20 years later I’m listening to The Fat of the Land's “Narayan" right now. I do like this one. It’s a little overlong, but there is a genuine arc to it, and unlike some of the horrific electro-rap tunes on this album (“Fuel My Fire,” “Serial Thrilla,” “Diesel Power,” all equally embarrassing) this one doesn’t feel like I’m standing in front of a tennis ball machine, getting relentlessly pelted. It moves around, doesn’t stay in one place, and perhaps gives us a glimpse of where Howlett may have went if The Fat of the Land didn’t sell 10 million copies.
To be clear, I’m not arguing that this is a hoodwink of an album. It’s certainly not good, and I can’t really hear much beyond the singles that make this a worthwhile listen in 2017. But it’s fascinating to examine within the bigger picture of 1997. The Fat of the Land certainly wouldn’t be the first act to (smartly) take note of a movement and accelerate it far past all of its pure forms into a headbangin’, cash-happy stratosphere. It is worth noting though, that while this served The Prodigy well as that decade drew to a close, ultimately it ensured they were on the outside looking in as the post-Napster era began. By the time they put out their much anticipated follow-up in 2004, Always Outnumbered, Never Outgunned, everything had already fallen apart, momentum-wise.

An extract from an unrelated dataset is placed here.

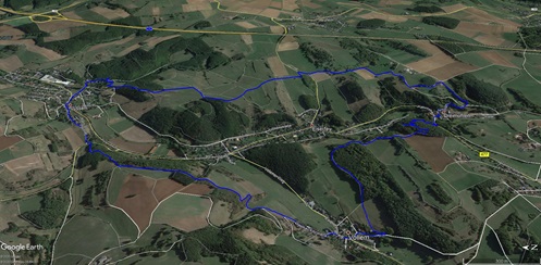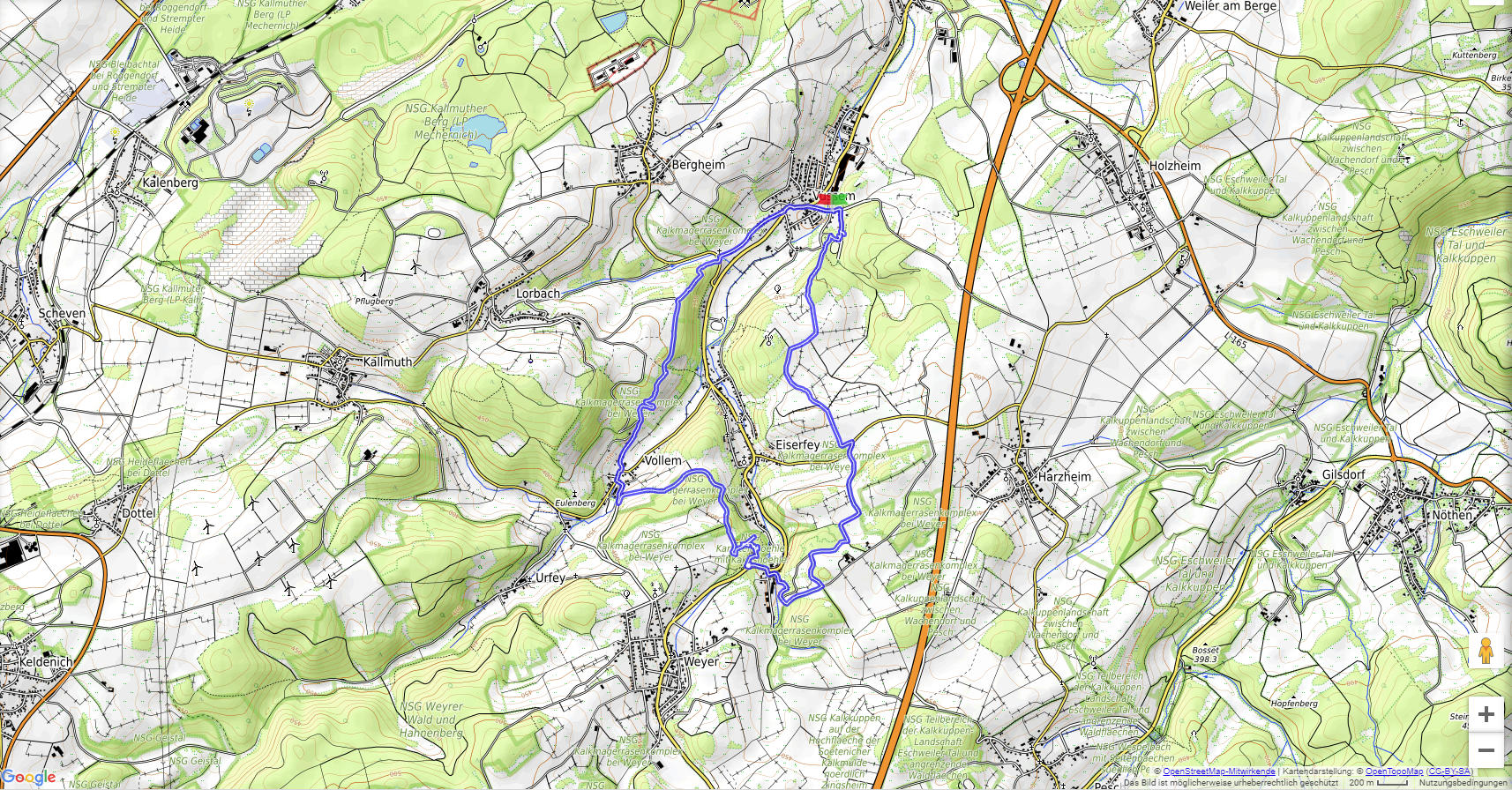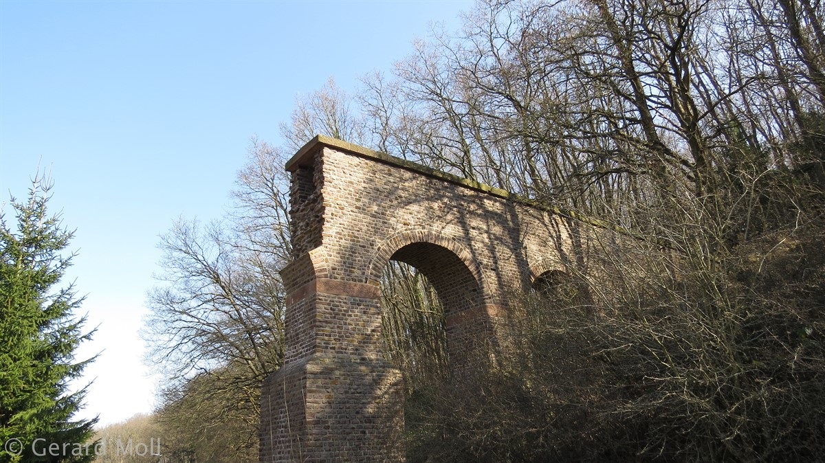 Wir parken in Vussem an dem 10 m hohen römischen Aquädukt und wandern in südlicher Richtung bis nach Dreimühlen. Hier bietet sich ein Abstecher zu der bereits von Neandertalern bewohnten Kakushöhle. Der aussichtsreiche Wanderweg führt über Eiserfey zurück nach Vussem.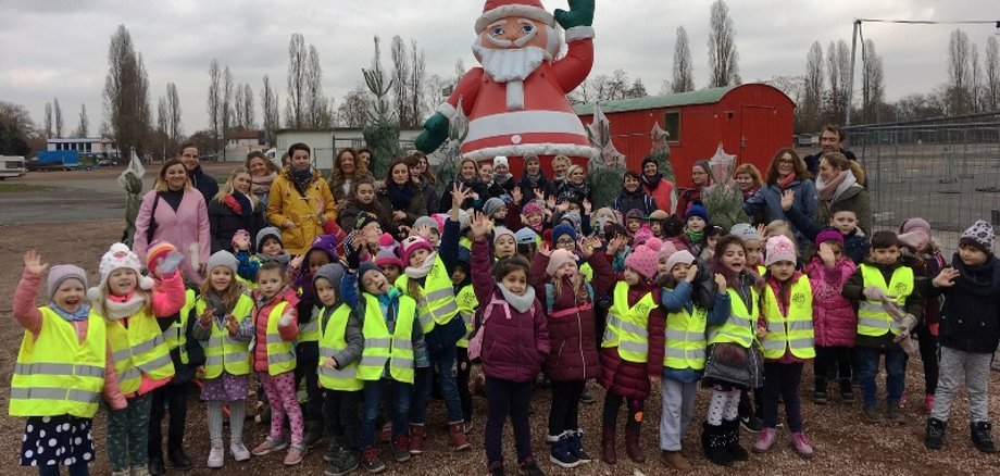 Foto: Die Kinder und Erzieher der Kreuznacher Kitas freuen über die Weihnachtsbaumspende des Fortbetriebs Zimmermann.

Always Outnumbered, Never Outgunned was okay. But so was The Fat of the Land. Unfortunately for AO,NO, it was released in a fragmented, unforgiving climate of an industry where optics and hype amounted to almost nothing tangible. In 1997, that was the last gasp, the death rattle of a fully functional perspicuity march from MTV to the audience’s bank account. We should appreciate that on proper, post-globalization levels.

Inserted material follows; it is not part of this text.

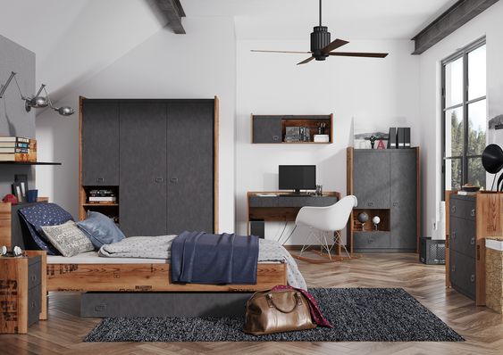The Fargo three-door wardrobe dares to be different. Made from solid laminated board, it is finished in a vintage Alpine Spruce d?cor with fronts that imitate raw concrete : a contemporary industrial look. Storage space is tremendous, and offered in the form of two drawers, two open compartments and five closed compartments. Its single hanging rail is generously sized and perfect for all your professional and casual clothing.

Howlett took the band name, and turned it into a brand. The Prodigy existed, ostensibly, from 1997-1998. The Fat of the Land was mostly shit. But it hit our stores just around the time that corporations started to figure out product didn’t really matter all that much. What did matter was brand admiration and recognition. The Prodigy fit neatly within that movement. The product was serviceable. It did the job adequately. But more than anything, Howlett understood how to make his mark within the scene of kids unable to separate their collective musical taste from perceptive speaker obliteration. He knew it didn’t matter if he put a band onstage that blatantly taunted the crowds numbering in the 10s of thousands, openly existing as nothing more than rock band eye candy. All that mattered was that he put on the show and sounded good while doing it. And who knows: maybe we were in on it the whole time and didn’t have the heart to tell him. Maybe he didn’t have the heart to tell us. Maybe there was never any heart at all, and we’re just really only left with the Spawn soundtrack. I’m okay with that.